Note: This bug is displayed in read-only format because the product is no longer active in Red Hat Bugzilla.

RHEL Engineering is moving the tracking of its product development work on RHEL 6 through RHEL 9 to Red Hat Jira (issues.redhat.com). If you're a Red Hat customer, please continue to file support cases via the Red Hat customer portal. If you're not, please head to the "RHEL project" in Red Hat Jira and file new tickets here. Individual Bugzilla bugs in the statuses "NEW", "ASSIGNED", and "POST" are being migrated throughout September 2023. Bugs of Red Hat partners with an assigned Engineering Partner Manager (EPM) are migrated in late September as per pre-agreed dates. Bugs against components "kernel", "kernel-rt", and "kpatch" are only migrated if still in "NEW" or "ASSIGNED". If you cannot log in to RH Jira, please consult article #7032570. That failing, please send an e-mail to the RH Jira admins at rh-issues@redhat.com to troubleshoot your issue as a user management inquiry. The email creates a ServiceNow ticket with Red Hat. Individual Bugzilla bugs that are migrated will be moved to status "CLOSED", resolution "MIGRATED", and set with "MigratedToJIRA" in "Keywords". The link to the successor Jira issue will be found under "Links", have a little "two-footprint" icon next to it, and direct you to the "RHEL project" in Red Hat Jira (issue links are of type "https://issues.redhat.com/browse/RHEL-XXXX", where "X" is a digit). This same link will be available in a blue banner at the top of the page informing you that that bug has been migrated.

Bug 2211395

Summary:

[rhel4edge] podman hangs creating a container in a pod

Product:

Red Hat Enterprise Linux 9

Reporter:

Jelle van der Waa <jvanderwaa>

Component:

podman

Assignee:

Matthew Heon <mheon>

Status:

CLOSED MIGRATED

QA Contact:

atomic-bugs <atomic-bugs>

Severity:

high

Docs Contact:

Priority:

unspecified

Version:

9.1

CC:

bbaude, dwalsh, jnovy, lsm5, mboddu, mheon, mpitt, pholzing, pthomas, tsweeney, umohnani

Target Milestone:

Keywords:

MigratedToJIRA

Target Release:

---

Flags:

pm-rhel: mirror+

Hardware:

Unspecified

OS:

Unspecified

Whiteboard:

CockpitTest

Fixed In Version:

Doc Type:

If docs needed, set a value

Doc Text:

Story Points:

---

Clone Of:

Environment:

Last Closed:

2023-09-11 20:15:44 UTC

Type:

Bug

Regression:

---

Mount Type:

---

Documentation:

---

CRM:

Verified Versions:

Category:

---

oVirt Team:

---

RHEL 7.3 requirements from Atomic Host:

Cloudforms Team:

---

Target Upstream Version:

Embargoed:

Attachments:

Description	Flags
ps axHo stat,pid,tid,pgid,ppid,comm,wchan \| grep podman	none

Description Jelle van der Waa 2023-05-31 12:09:07 UTC

Created attachment 1968069 [details]
ps axHo stat,pid,tid,pgid,ppid,comm,wchan | grep podman

Created attachment 1968069 [details]
ps axHo stat,pid,tid,pgid,ppid,comm,wchan | grep podman

Created attachment 1968069 [details]
ps axHo stat,pid,tid,pgid,ppid,comm,wchan | grep podman

Description of problem:

In our Cockpit podman plugin testsuite we observe that podman sometimes hangs and our tests fail. 

Version-Release number of selected component (if applicable):

Client:       Podman Engine
Version:      4.2.0
API Version:  4.2.0
Go Version:   go1.18.9
Built:        Tue Feb  7 05:56:41 2023
OS/Arch:      linux/amd64

How reproducible:

On my work laptop (t14s) this is only reproducible when I amplify the failing test in CI by running it ~ 20 times in a row.

Steps to Reproduce:

This is a bit tricky, but in essence we have a `podman.socket` open for the UI and in our test create podman pods with containers.

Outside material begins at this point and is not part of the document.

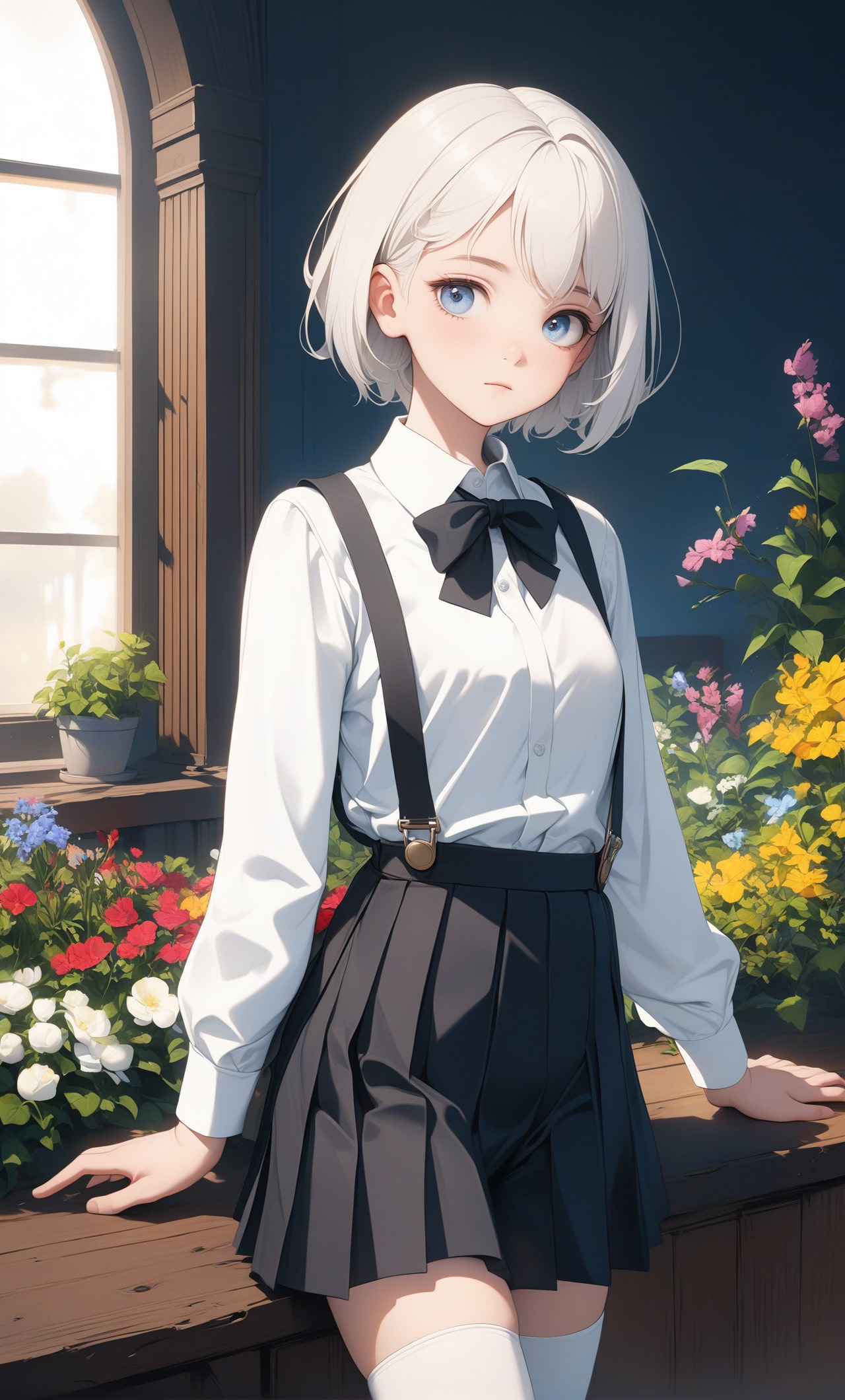 伊莉雅是一位身姿优雅的英灵,她拥有一头银白色的长发,瞳孔中闪烁着星辰般的光芒。她的衣着华丽且充满历史气息,每一个细节都展现了她作为一名英灵的威严和尊贵。

The test hangs when trying to create a container in a pod (after having created a pod before). So in essence we run, repeatedly

podman pod create --name pod"
podman run --name inpod --pod pod -tid ${IMG_BUSYBOX} sh -c 'exit 1'

Actual results:

The `podman run` command hangs

Expected results:

Container is created.

Additional info:

https://cockpit-logs.us-east-1.linodeobjects.com/pull-1235-20230526-162637-03f5f1da-rhel4edge/log.html#26

Comment 2 Tom Sweeney 2023-06-01 00:32:04 UTC

Assigning to @mheon

Comment 3 Matthew Heon 2023-06-01 13:07:31 UTC

Can you clarify whether the Podman commands you're running are using the remote API (podman.socket) or local Podman commands?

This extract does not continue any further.